If pictures appear in the lines below, skip them and copy exactly the lines from the one containing "A CBOO tem a" through the one containing "Из достоинств следует", and nothing else.

■ Data
◇ ◇ ◇
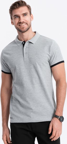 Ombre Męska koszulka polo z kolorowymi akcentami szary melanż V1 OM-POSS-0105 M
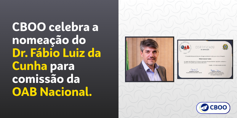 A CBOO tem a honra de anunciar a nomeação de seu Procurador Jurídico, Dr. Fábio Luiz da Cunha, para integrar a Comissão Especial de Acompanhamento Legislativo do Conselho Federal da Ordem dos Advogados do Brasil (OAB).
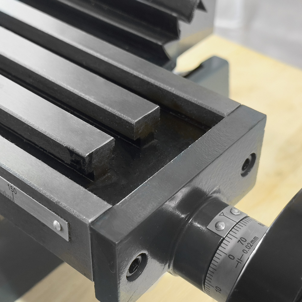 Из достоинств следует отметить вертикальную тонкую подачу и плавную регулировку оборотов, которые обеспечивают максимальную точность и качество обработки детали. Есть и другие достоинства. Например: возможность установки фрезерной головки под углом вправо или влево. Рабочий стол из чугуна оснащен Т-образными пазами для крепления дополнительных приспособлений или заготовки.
◇ ◇ ◇
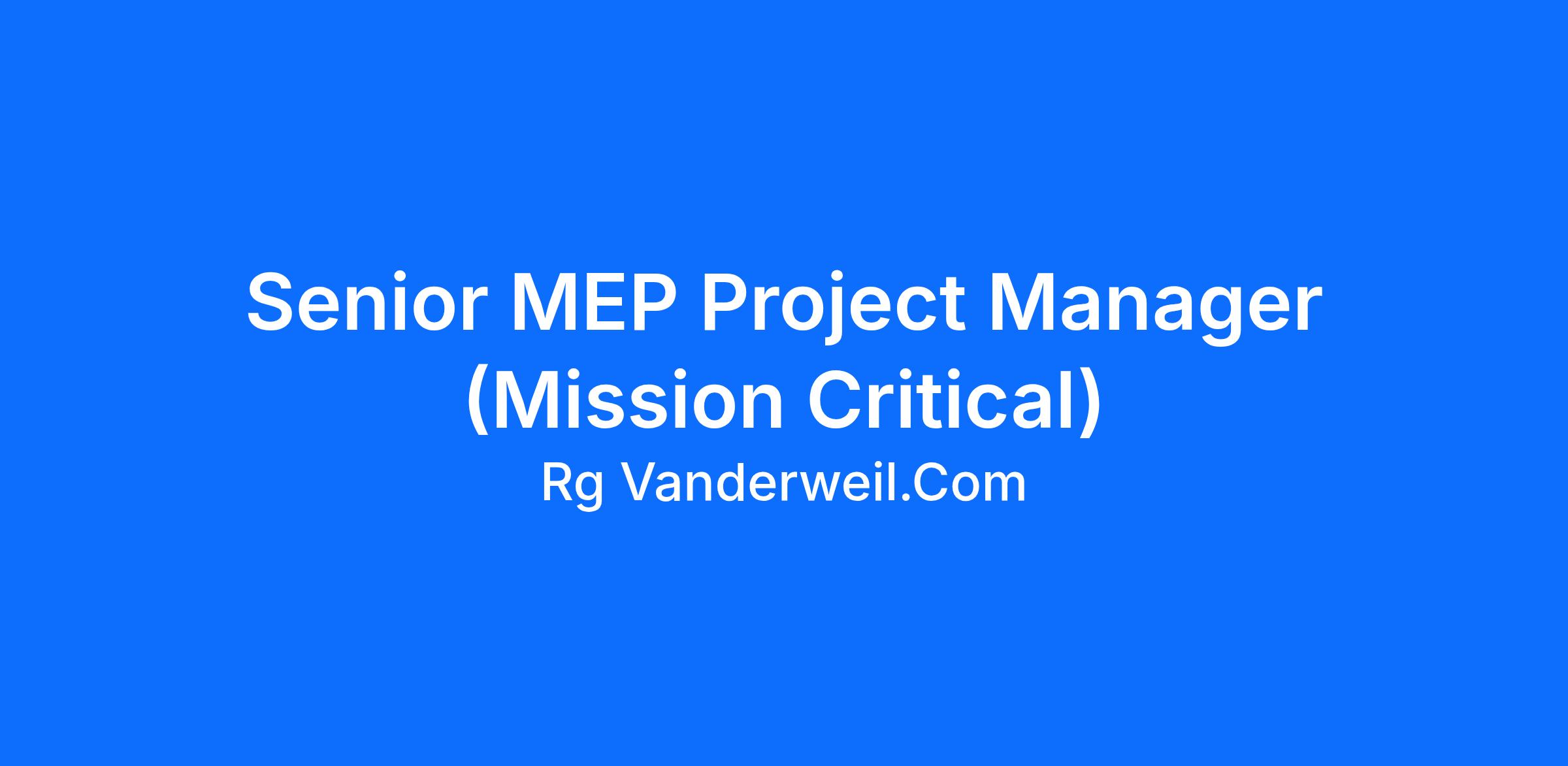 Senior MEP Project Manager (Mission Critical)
◇ ◇ ◇
■ Finished task
 A CBOO tem a honra de anunciar a nomeação de seu Procurador Jurídico, Dr. Fábio Luiz da Cunha, para integrar a Comissão Especial de Acompanhamento Legislativo do Conselho Federal da Ordem dos Advogados do Brasil (OAB).
 Из достоинств следует отметить вертикальную тонкую подачу и плавную регулировку оборотов, которые обеспечивают максимальную точность и качество обработки детали. Есть и другие достоинства. Например: возможность установки фрезерной головки под углом вправо или влево. Рабочий стол из чугуна оснащен Т-образными пазами для крепления дополнительных приспособлений или заготовки.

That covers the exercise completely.